Technological Wonders
Using a gyroscope-like machine and two motion-detecting optical scanners, Steven Pippin's Ω = 1 (2003-13) balances a pencil on its sharpened tip by continually adjusting its base to adjust for the direction the writing implement wants to fall. Meant to illustrate an astrophysics princple of spacetime, the piece is a marvel of functionless technological ingenuity (aka art), and a classic of its kind.
The winner of the latest BMW Art Journey award, the Hong Kong artist Samson Young dressed in military fatigues and stationed himself atop a platform in the exhibition hall with a high-powered sonic canon used to bloodlessly disperse crowds, instead configuring it to play bird sounds across the hall to a second-floor installation (accessible by an elevator) that mimics a dark, oppressive prison cell of the kind where a political dissident might be detained.
In a corner at the far end of the exhibition, Rafael Lozano-Hemmer and Krzysztof Wodiczko had the future-shock standout of the show, and one of the best works on view in Basel this week: a room filled with facial-recognition cameras that immediatly register a viewer as they walk in, analyze their body positioning to ascertain their relationship to others in the room, and put their face up on the wall in a kind of visual dossier. Uncanny and unsettling, it should be toured from museum to museum as a public service announcement.

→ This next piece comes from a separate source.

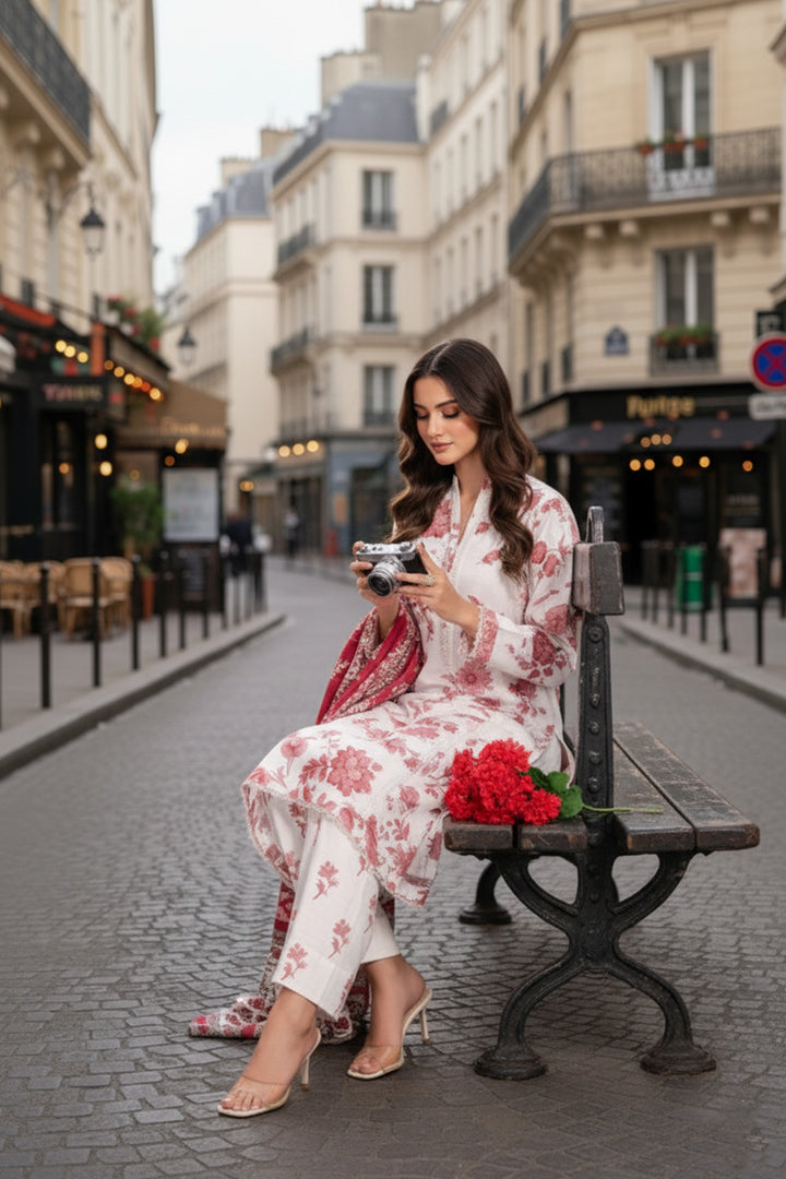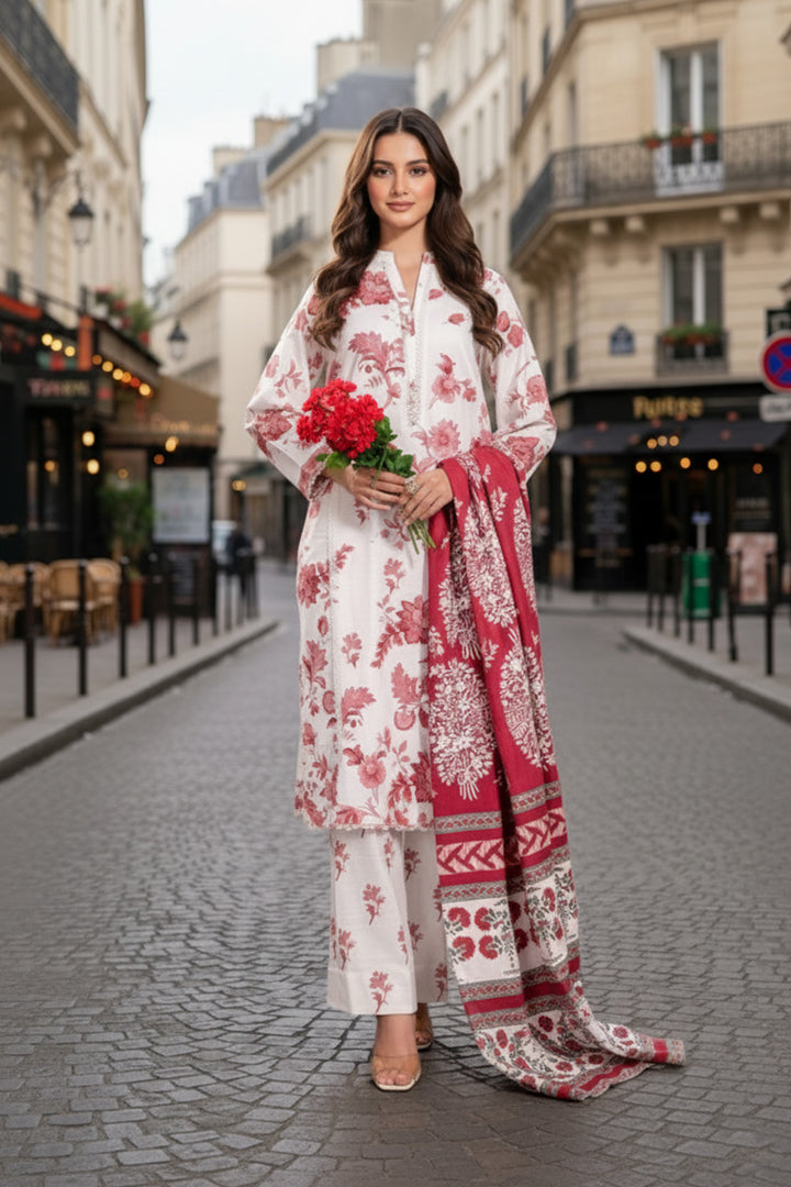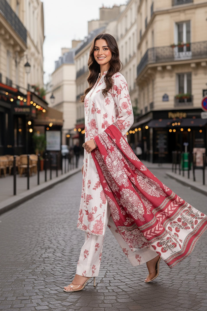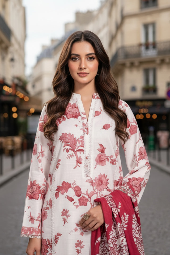 Amp up your winter fashion with our three-piece printed khaddar shirt, trouser and dupatta.

Ok, so glow-in-the-dark paint isn't all that high-tech, but Jacqueline Humphries's installation of four effulgent paintings provides viewers with a giddy electrical charge.
Mysteries
Hans Op de Beeck's opulent recreation of a collector's grand living room—featuring a lily pond that recalls Henry Clay Frick's—is a captivating riddle: Why is everything grey? Who are these half-naked women and boys? What transpired at the apparently ill-fated party that scattered drinks and cigerette butts all around? Visitors could not get enuogh of this masterful enigma.
Pamela Rosenkranz has been using blue and pink in her recent work, such as her all-pink pool room at the last Venice Biennale's Swiss Pavilion, and this cheekily titled installation—Blue Runs—pours an unending stream of neon blue water from a modern faucet. Why? The answer has to do with the post-human, we're guessing.
In their latest installation chronicling the utopian underground of their fictional San San International city, Jonah Freeman and Justin Lowe have produced more of their tantalizing cultural artifacts relating to the "Vortice Science of Behavior," the "Human Potential" movement, the potent psychotropic drug Marasa, and other elements of their artfully limbed but just-out-of-reach world.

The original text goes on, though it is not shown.